There is such venom in Carlotta's looks and in Carlotta's words that Brigitta suddenly takes her eyes off a man with a red waistcoat whom she is ogling, but who by no means reciprocates her attention, and asks Carlotta sharply, "Why she hates the marchesa?"

"Listen," answers Carlotta, holding up her finger. "One day, as I came out of my little shop, she"—and Carlotta points with her thumb over her shoulder toward the street of San Simone and the Guinigi Palace—"she was driving along the street in her old Noah's Ark of a carriage. Alas! I am old and feeble, and the horses came along quickly. I had no time to get into the little square of San Barnabo, out of the way; the wheel struck me on the shoulder, I fell down.
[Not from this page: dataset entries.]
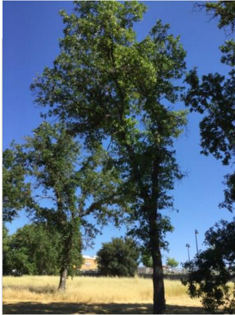
Oak, Valley Tag #:274 Quercuslobata
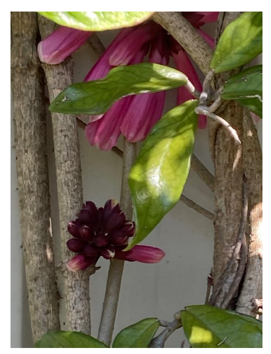
2 Fraser Island creeper Tecomanthe jillion
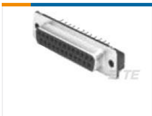
TE Part #2-747708-0 25 RCPT SP/FMS BRDLK
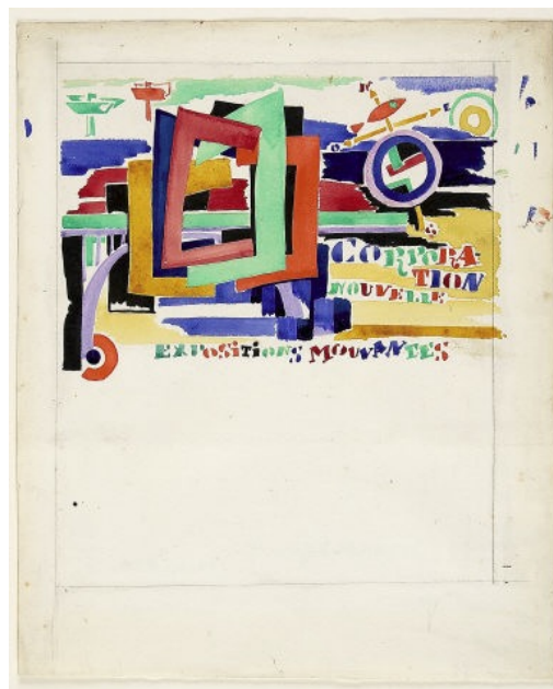
Figure 2: Amadeo de Sousa Cardoso, Study for "Expositions Mouvantes – Corporation Nouvelle" 1915 (Fundação Calouste Gulbenkian, Centro de Arte Moderna, 77DP343).
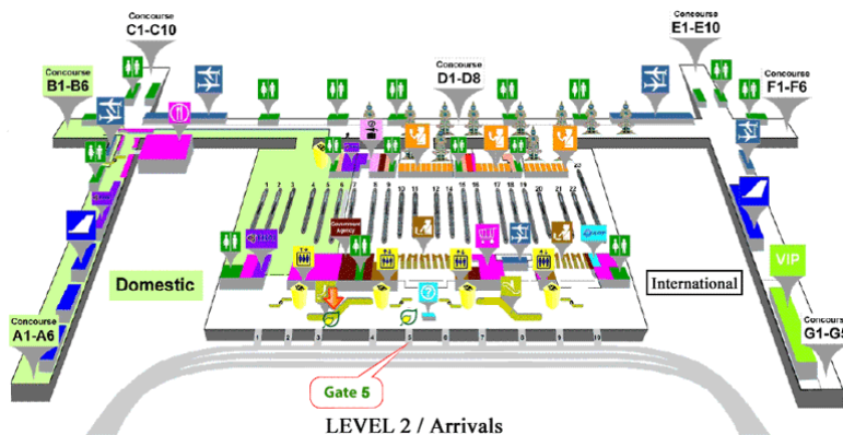
Meeting Point at Suvarnabhumi International Airport

(f) Smoking: Smoking in all air-conditioned public places (including education institutions) is against the law and subject to a 2,000 baht fine. Smoking is also prohibited in all covered areas, including shopping centers, restaurants, cafes and bars (some are allowed to set up special smoking rooms). Smoking is also banned in outdoor eateries, coffee shops, canteens and cafes (some areas are set aside for smoking).
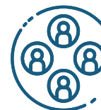
TAB. 1 - RECOMMENDATIONS FOR A PUBLIC POLICY SOLUTION WITH AN EMPHASIS ON VULNERABLE AND MARGINALISED POPULATIONS
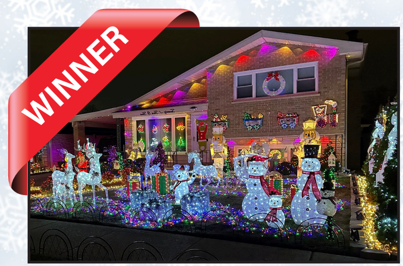
The Legaspi Family 2505 Ernst Street
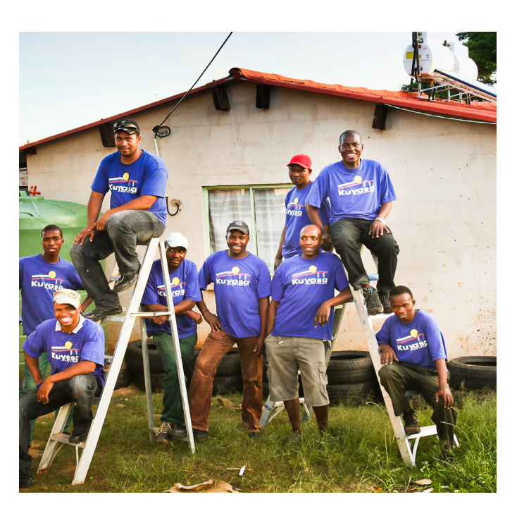
Australia's fast-start finance is being used to employ locally engaged staff to carry out this energy efficiency and sustainability development initiative.

The Cato Manor Project will build knowledge and understanding of low-emission interventions in low-cost housing programs which will be valuable to governments and organisations seeking to establish similar projects in developing countries.

Yes, I fell down on the hard pavement, Brigitta." And Carlotta sways her grizzly head from side to side, and grasps the other's arm so tightly that Brigitta screams. "Brigitta, the marchesa saw me. She saw me lying there, but she never stopped nor turned her head. I lay on the stones, sick and very sore, till a neighbor, Antonio the carpenter, who works in the little square, a good lad, picked me up and carried me home."

As she speaks, Carlotta's eyes glitter like a serpent's. She shakes all over.

"Lord have mercy!" exclaims Brigitta, looking hard at her; "that was bad!" Carlotta was over eighty; her face was like tanned leather, her skin loose and shriveled; a handful of gray hair grew on the top of her head, and was twisted up with a silver pin. Brigitta was also of a goodly age, but younger than Carlotta, fat and portly, and round as a barrel. She was pitted by the small-pox, and had but one eye; but, being a widow, and well-to-do in the world, is not without certain pretensions. She wears a yellow petticoat and a jacket trimmed with black lace. In her hair, black and frizzly as a negro's, a rose is stuck on one side.—The hair had been dressed that morning by a barber, to whom she paid five francs a month for this adornment.—Some rows of dirty seed-pearl are fastened round her fat throat; long gold ear-rings bob in her ears, and in her hand is a bright paper fan, with which she never ceases fanning herself.

"She's never spent so much as a penny at my shop," Carlotta goes on to say. "Not a penny. She'd not spare a flask of wine to a beggar dying at her door. Stuck-up old devil! But she's ruined, ruined with lawsuits. Ruined, I say. Ha! ha! Her time will come."